Nicolaides–Baraitser syndrome is a rare, neuro-developmental disorder caused by heterozygous pathogenic variants in the SMARCA2 gene, involved with chromatin regulation. Cardinal features include intellectual disability, short stature, microcephaly, triangular facies, sparse hair, brachydactyly, prominent interphalangeal joints and seizures. Genetic testing demonstrated a loss within SMARCA2 at 9p24.3 inclusive of basepairs 2094861_2141830 (hg19) in our patient. This case highlights a child with Nicolaides–Baraiter syndrome, a SMARCA2 gene deletion and a novel association of hypertrophic obstructive cardiomyopathy.

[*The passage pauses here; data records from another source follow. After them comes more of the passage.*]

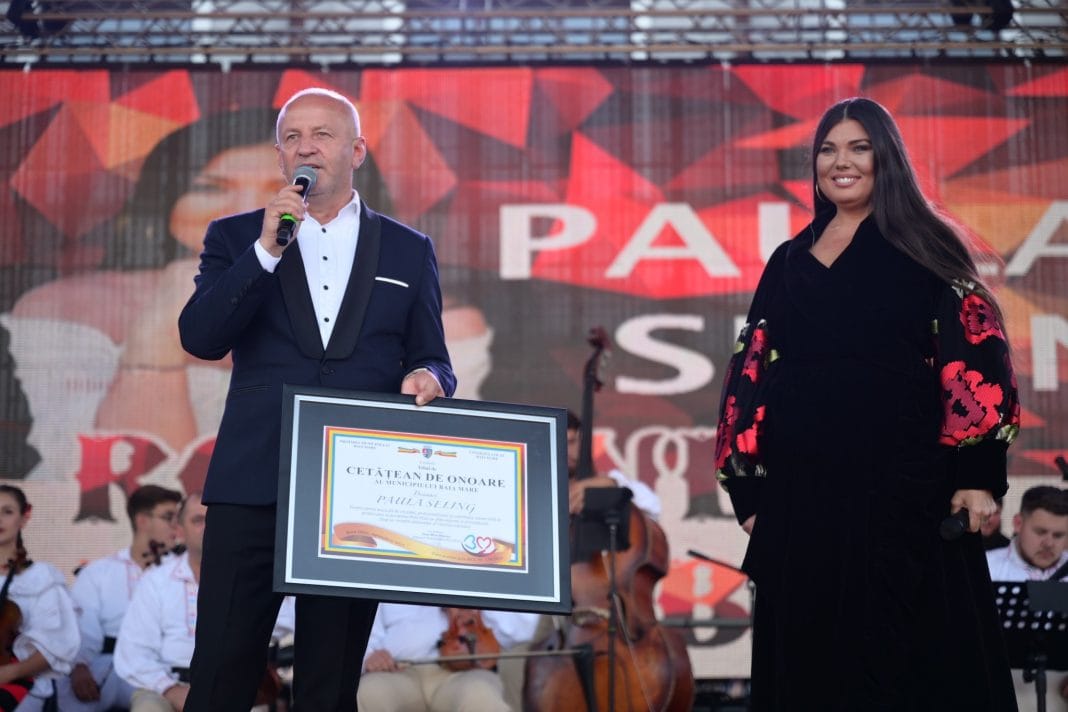 ”Eram alături de una dintre marile artiste ale orașului nostru, o voce care a dus numele municipiului Baia Mare pe cele mai importante scene ale lumii și care ne-a purtat în suflet cu mândrie peste tot. Am întrebat atunci dacă merită această mare artistă să fie numită Cetățean de Onoare al municipiului Baia Mare. Rezultatul a fost clar și sunt convins că majoritatea suntem de acord cu el. M-am ținut de promisiune și am propus Consiliului Local acordarea acestei distincții artistei noastre Paula Seling, proiect votat de către colegii consilieri. Ieri, tot pe scenă și tot cu ocazia unui moment special, de data aceasta aniversarea cu numărul 30 a Sărbătorii Castanelor, am avut onoarea să îi înmânez Paulei titlul de Cetățean de Onoare al municipiului Baia Mare, împreună cu un simbolic buchet de flori, în numele comunității noastre. Paula, îți mulțumesc că ești un exemplu pentru generațiile tinere de artiști, că îi îndrumi și îi sprijini, că ești mereu aici pentru orașul în care ai crescut, te-ai format și pe care și tu, la fel ca noi toți, îl numești acasă. Prin acordarea acestui titlu nu am făcut decât să consfințim ceea ce erai deja, un veritabil Cetățean de Onoare al municipiului Baia Mare!”, a subliniat Ioan Doru Dăncuș, primarul municipiului Baia Mare.
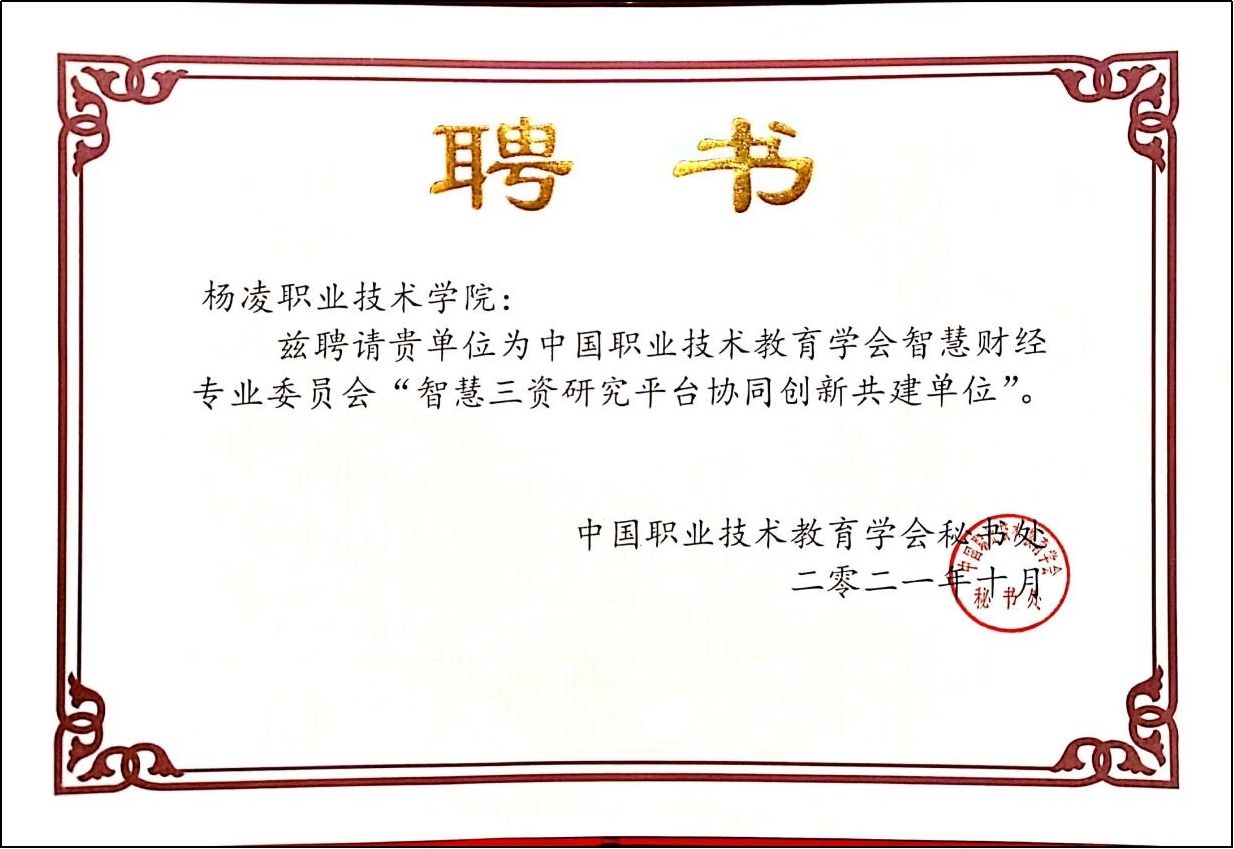 10月15日,中国职业技术教育学会智慧财经专业委员会2021年年会在北京召开,会议为专委会“智慧三资研究平台”揭牌,为专委会首批“协同创新共建单位”颁发聘书,我校成为专委会首批“智慧三资研究平台协同创新共建单位”。
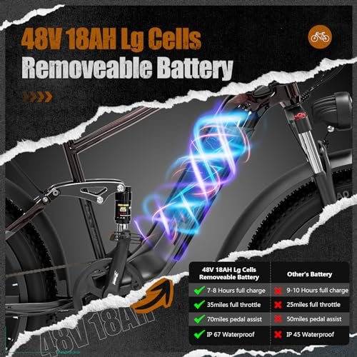 [ Electric Bike LG Cells Battery battery power bike is equipped with a 18Ah 48V LG Cells lithium-ion battery, which provides the bike with 35+ miles of throttle mileage. And the battery is lockable and removable and easy to carry to charge whether at home or work.
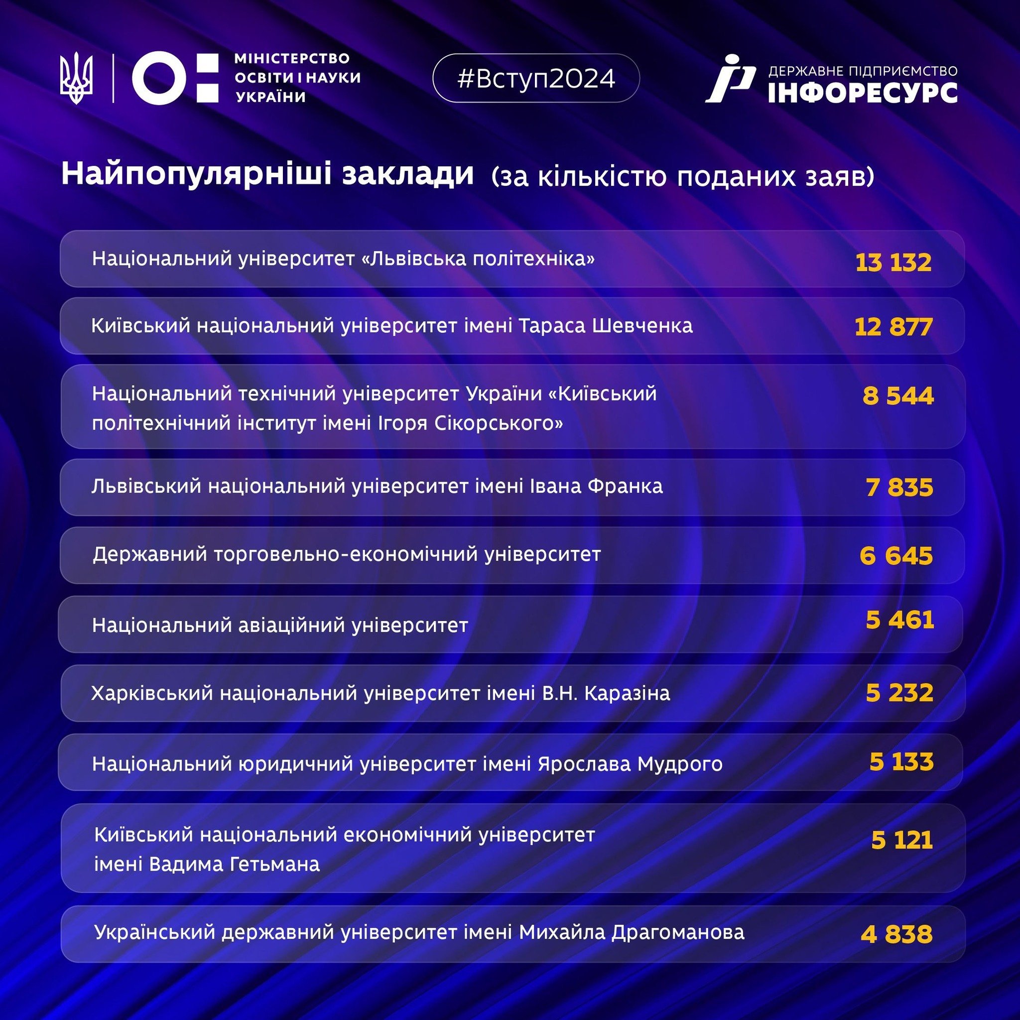 Найпопулярнішими закладами за кількістю поданих заяв стали Національний університет «Львівська політехніка» та Київський національний університет імені Тараса Шевченка.
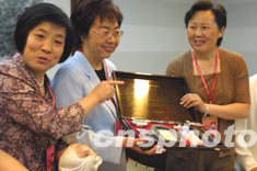 江西与澳门妇女代表成为联谊“姊妹团”,澳门妇女联合会副会长贺定一(左二)与江西妇联主席李亚平(右一)互赠礼品。江西代表团赠送文房四宝祝愿澳门妇联书写浓墨重彩的新篇章。中新社记者:廖文静

Nicolaides-Baraitser 综合征是一种罕见的神经发育障碍，由SMARCA2基因中的杂合致病变异引起，与染色质调节有关。主要特征包括智力障碍、身材矮小、小头畸形、三角面容、稀疏头发、短指、突出的指间关节和癫痫发作。在我们的患者中，基因检测显示SMARCA2在 9p24.3 包括碱基对 2094861_2141830 (hg19) 的缺失。该病例突出了一名患有 Nicolaides-Baraiter 综合征、SMARCA2基因缺失和肥厚性梗阻性心肌病的新关联的儿童。